Full explanation of this project can be found here.

Prerequisite

  1. Python 3.7
  2. CUDA 10.1
  3. torch==1.5.1
  4. torchvision==0.6.1
  5. tensorflow>=1.15.4
  6. opencv-python
  7. dlib
  8. scipy==1.4.1
  9. tqdm
  10. imgaug
  11. torchmetrics
  12. pytorch-fid

Training

The script to train the model using FFHQ dataset is available at train.py. The config for running this script can be found at config/base.json and config/psfrgan/train.json.

Downsample Test Dataset

The script to generate low-resolution (LR) face images and ground truth high-resolution (HR) face images from 1024x1024 CelebAHQ dataset for testing purpose is available at downsample_psfrgan.py. The config for running this script can be found at config/downsample.json.

Testing

The script to generate the predicted super-resolution (SR) face images is available at test_psfrgan.py.

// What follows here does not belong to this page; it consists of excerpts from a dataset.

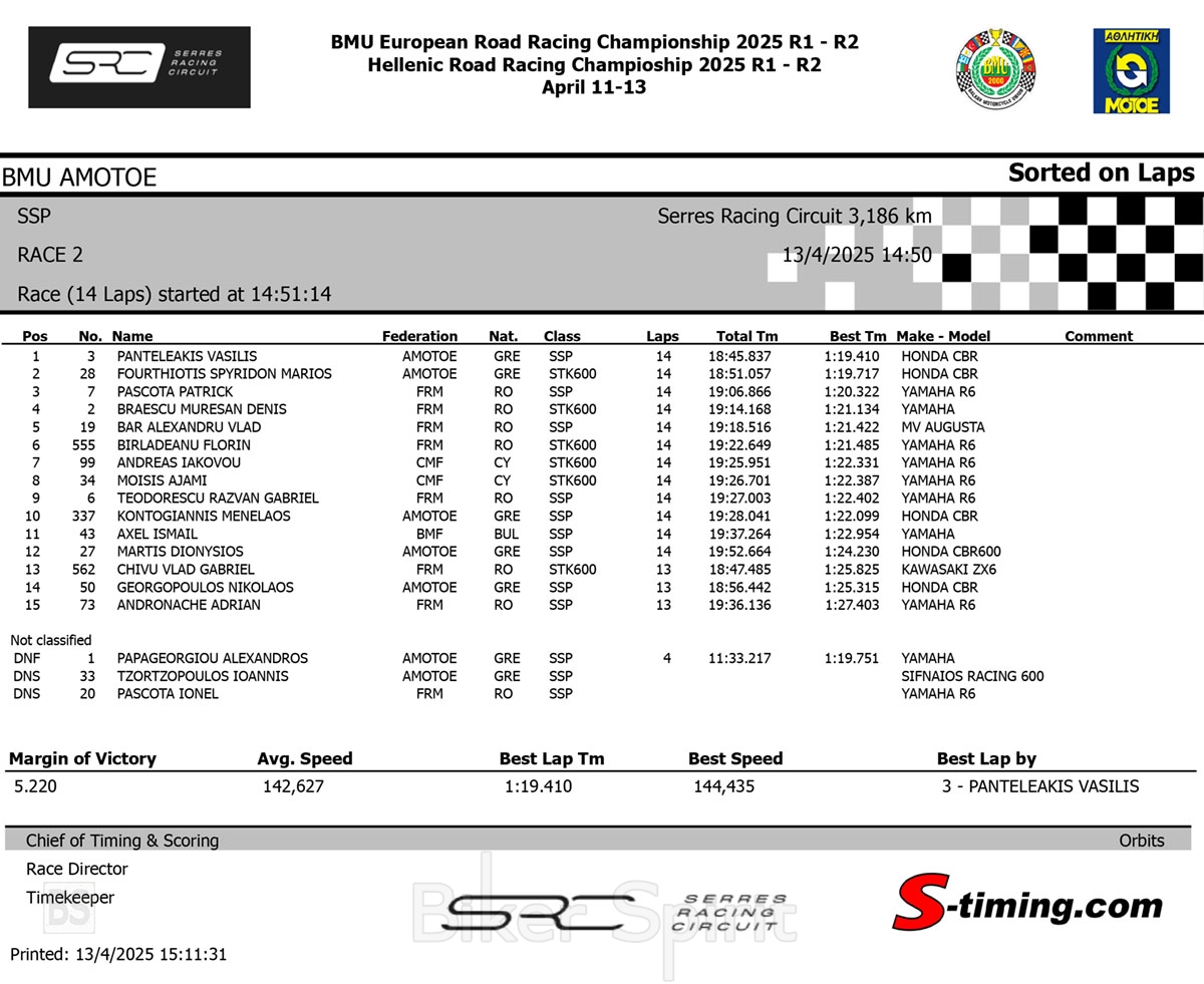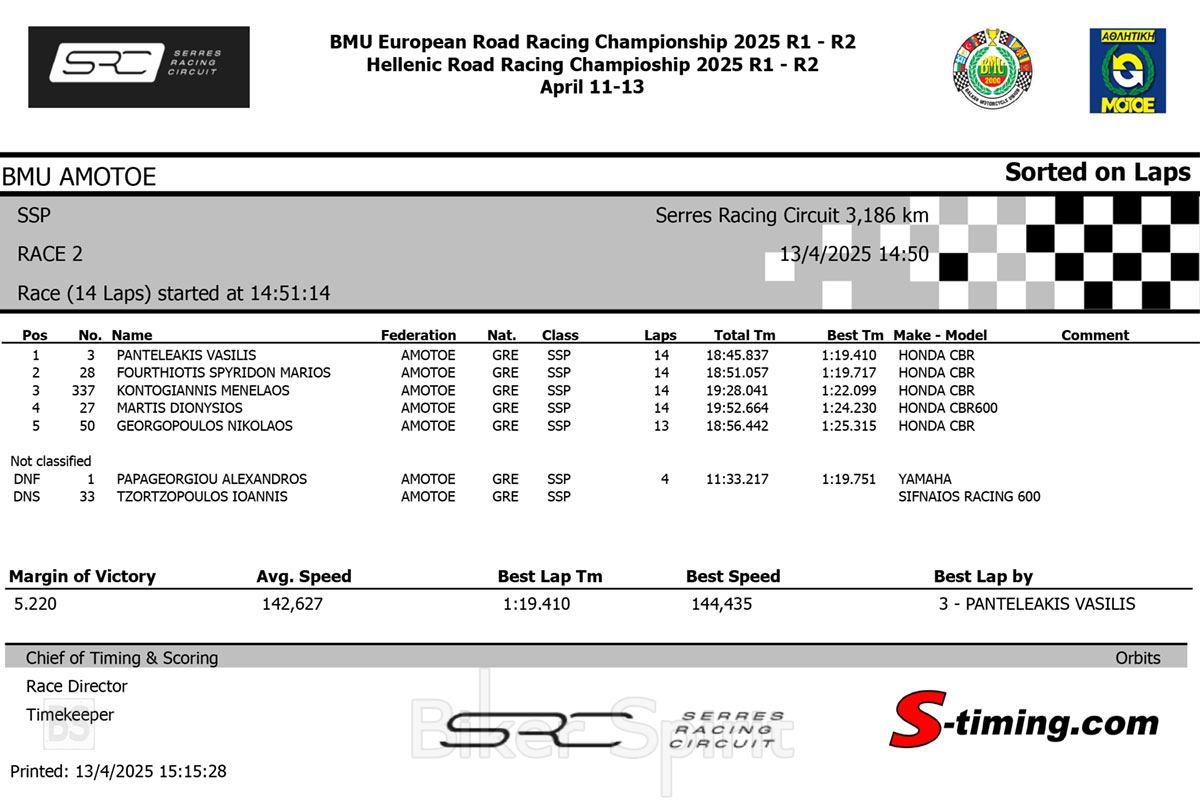 Το βάθρο συμπλήρωσε ο Μενέλαος Κοντογιάννης (HONDA CBR 600), ενώ στο BMU τερμάτισε στην 10η θέση.
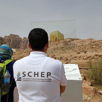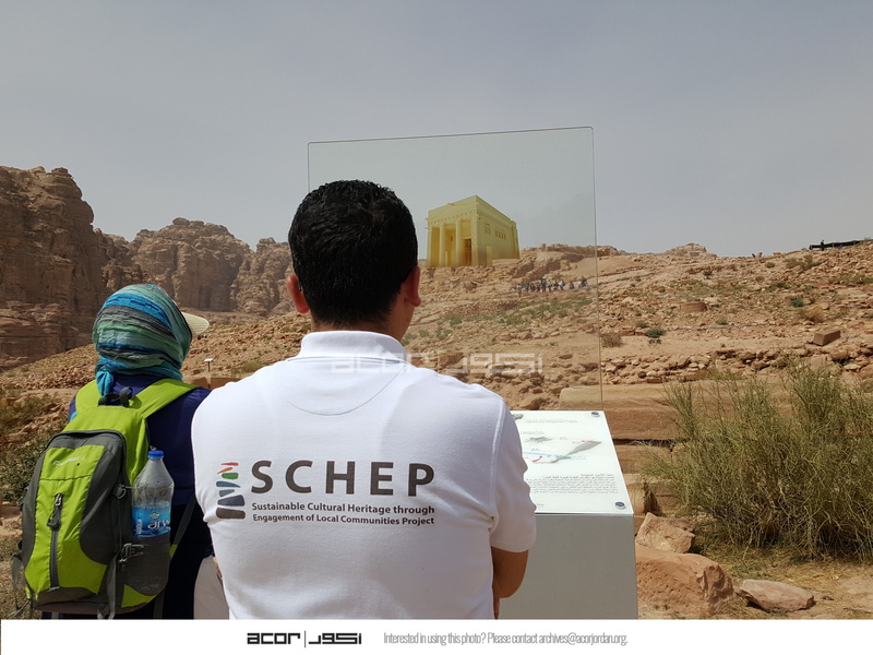 Jordan. Petra, Temple of the Winged Lions, Nizar Al Adarbeh and visitor in front of glass sign
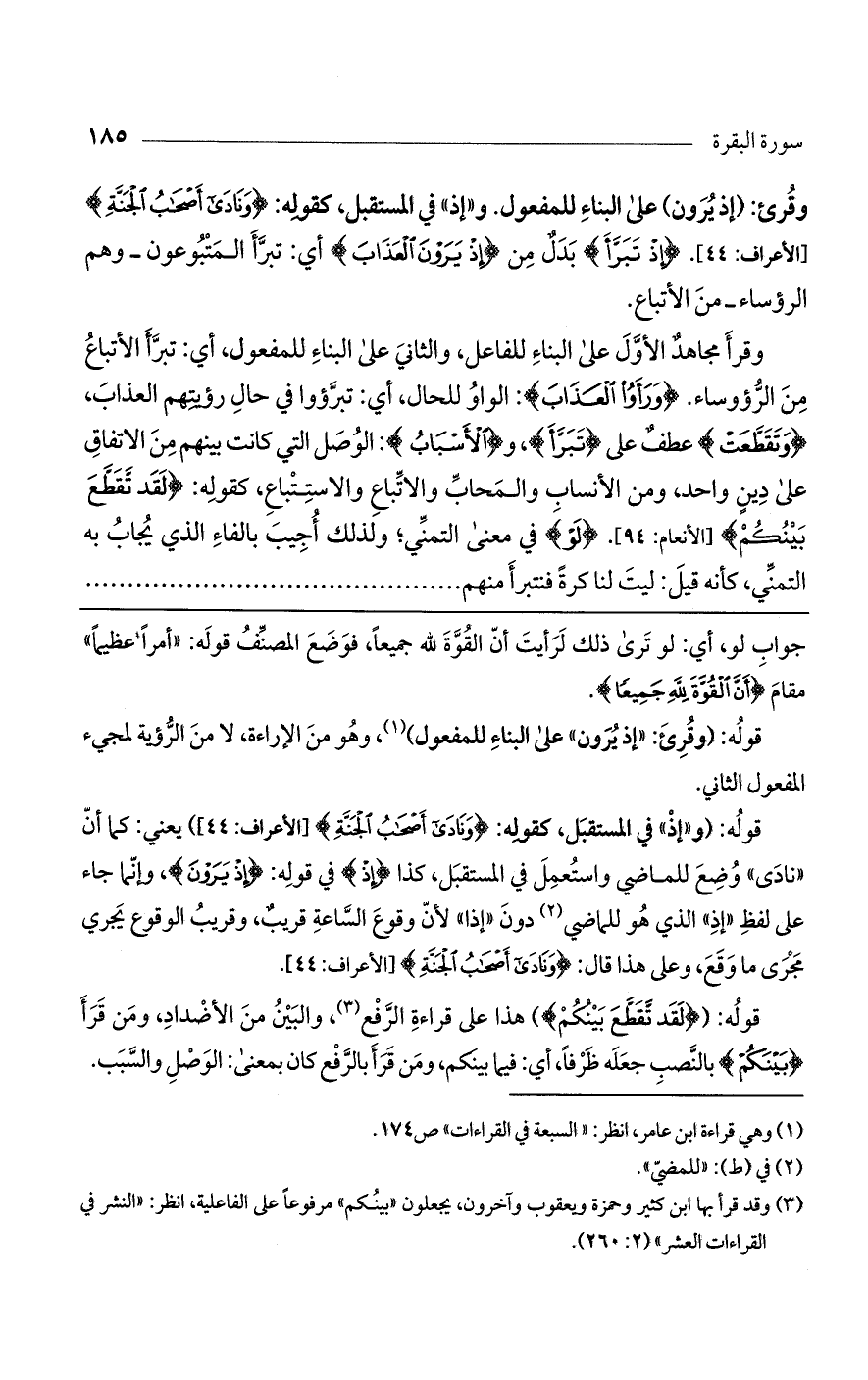 وقرأ مجاهد الأول على البناء للفاعل، والثاني على البناء للمفعول، أي: تبرأ الأتباع من الرؤساء. (وَرَأَوْا الْعَذَابَ): الواو للحال، أي: تبرؤوا في حال رؤيتهم العذاب، (وَتَقَطَّعَتْ) عطف على (تَبَرَّأَ)، و (الأَسْبَابُ): الوصل التي كانت بينهم من الاتفاق على دين واحد، ومن الأنساب والمحاب والاتباع والاستتباع، كقوله: (لَقَدْ تَقَطَّعَ بَيْنَكُمْ) [الأنعام: 94]. (لَوْ) في معنى التمني؛ ولذلك أجيب بالفاء الذي يجاب به التمني، كأنه قيل: ليت لنا كرة فنتبرأ منهم
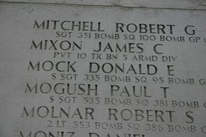 Donald Mock volunteered for the Army of the United States at Fort Benjamin Harrison, Indiana on 16 June 1942.Source of information: Raf Dyckmans, www.wwiimemorial.com, www.fold3.com - MACR, www.ancestry.com - 1940 Census / Birth Certificate

The config for running this script can be found at config/base.json and config/psfrgan/test.json.

Evaluation

The script to evaluate the predicted SR face images against ground truth HR face images is available at evaluate_psfrgan.py. The config for running this script can be found at config/evaluate.json. The script will produce PSNR, LPIPS, and SSIM score. To retrieve FID score, simply run python -m pytorch_fid <path/to/sr-folder> <path/to/hr-folder>.

Test your Own Image

The script to prepare your own test images from real LR face images is available at preprocess_psfrgan.py. This script will crop and align the real faces so that it is ready to be used to evaluate the model. The config for running this script is available at config/preprocess.json.